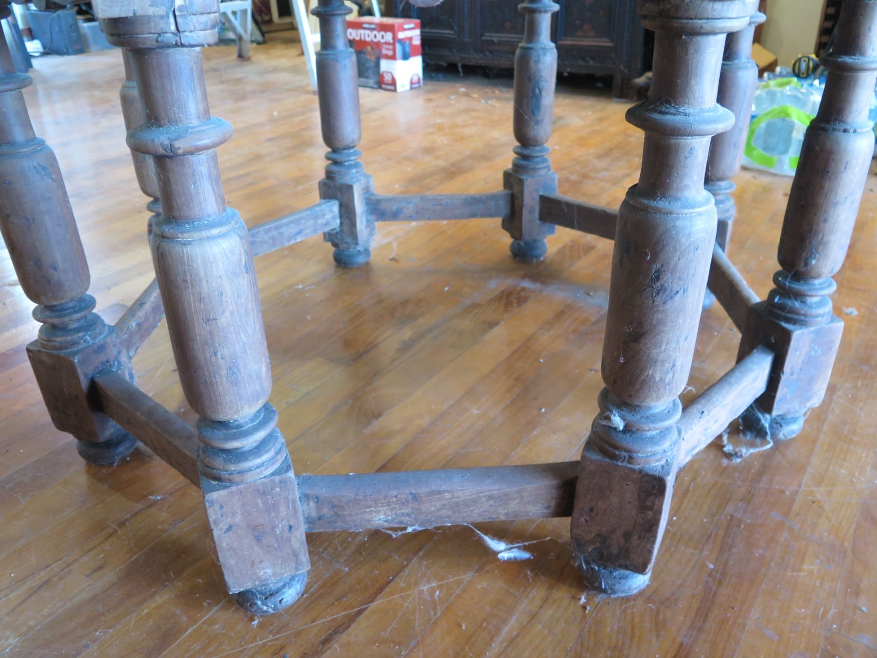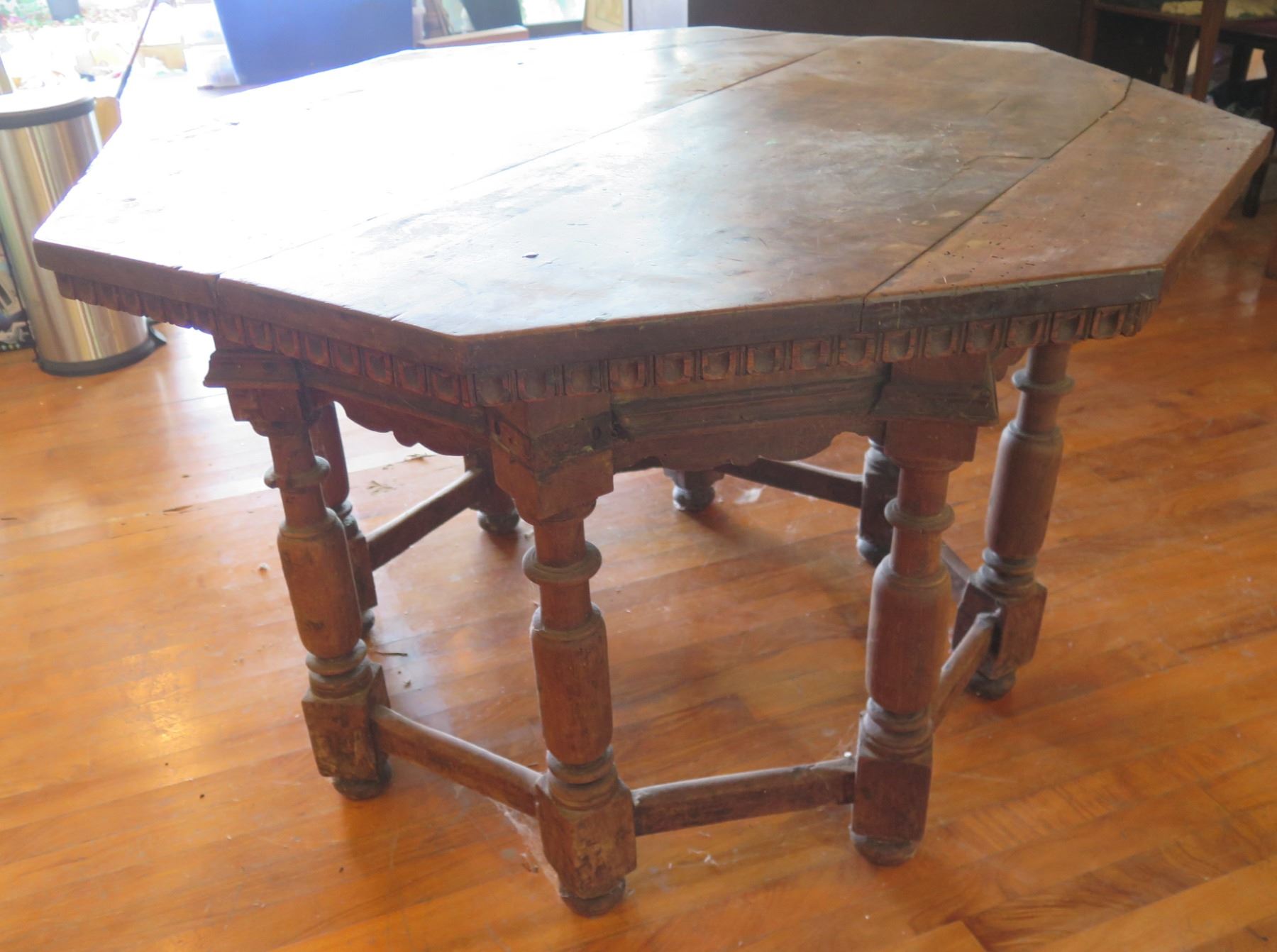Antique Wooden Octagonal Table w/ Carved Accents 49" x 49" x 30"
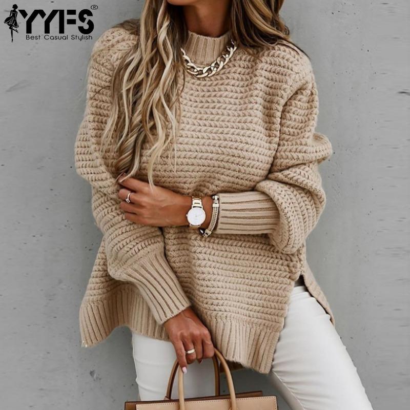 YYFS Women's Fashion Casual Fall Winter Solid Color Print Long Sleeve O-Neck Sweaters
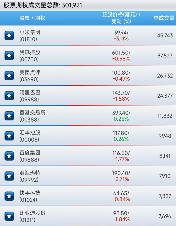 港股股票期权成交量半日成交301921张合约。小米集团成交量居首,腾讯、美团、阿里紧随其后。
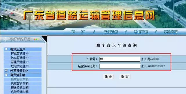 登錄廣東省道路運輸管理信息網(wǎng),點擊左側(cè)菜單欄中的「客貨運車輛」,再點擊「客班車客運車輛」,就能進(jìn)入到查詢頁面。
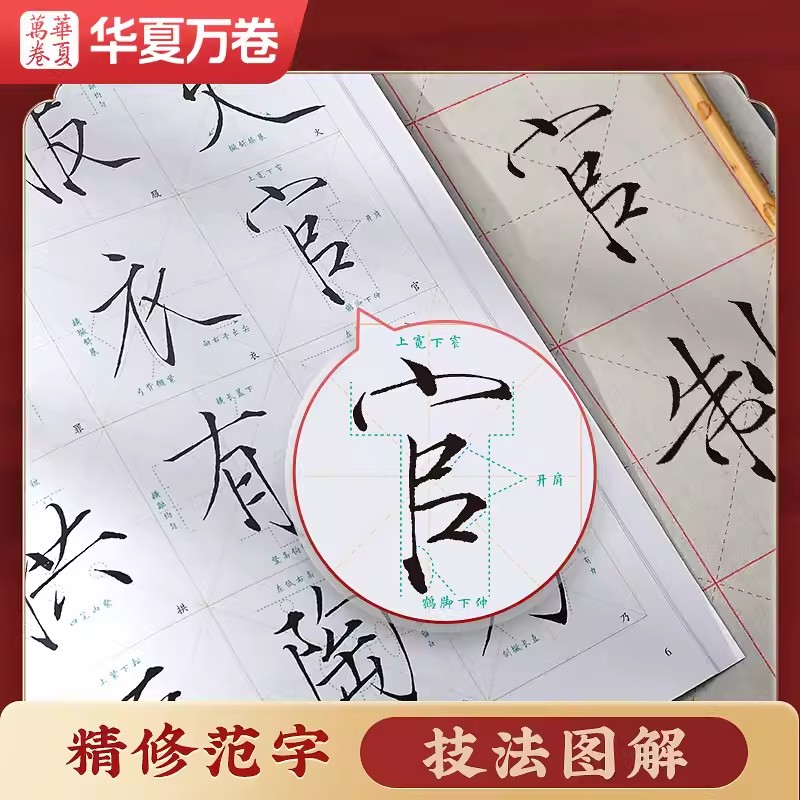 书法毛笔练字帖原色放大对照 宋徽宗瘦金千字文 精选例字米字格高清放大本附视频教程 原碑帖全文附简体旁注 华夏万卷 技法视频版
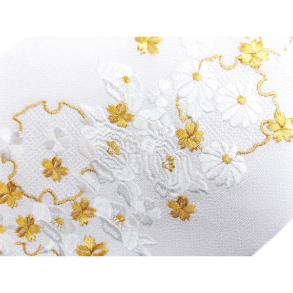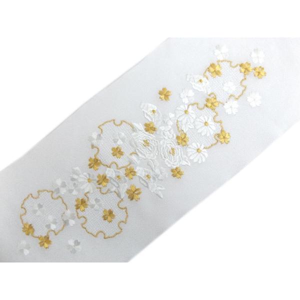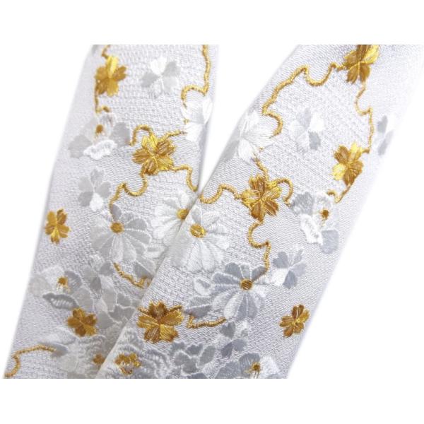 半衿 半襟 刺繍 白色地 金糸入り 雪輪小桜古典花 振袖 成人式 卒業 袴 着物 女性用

> _What the exercise asks_
Would you retype all the lines shown above, exactly as written and without any picture?

> _Response to this exercise_
Antique Wooden Octagonal Table w/ Carved Accents 49" x 49" x 30"
 YYFS Women's Fashion Casual Fall Winter Solid Color Print Long Sleeve O-Neck Sweaters
 港股股票期权成交量半日成交301921张合约。小米集团成交量居首,腾讯、美团、阿里紧随其后。
 登錄廣東省道路運輸管理信息網(wǎng),點擊左側(cè)菜單欄中的「客貨運車輛」,再點擊「客班車客運車輛」,就能進(jìn)入到查詢頁面。
 书法毛笔练字帖原色放大对照 宋徽宗瘦金千字文 精选例字米字格高清放大本附视频教程 原碑帖全文附简体旁注 华夏万卷 技法视频版
 半衿 半襟 刺繍 白色地 金糸入り 雪輪小桜古典花 振袖 成人式 卒業 袴 着物 女性用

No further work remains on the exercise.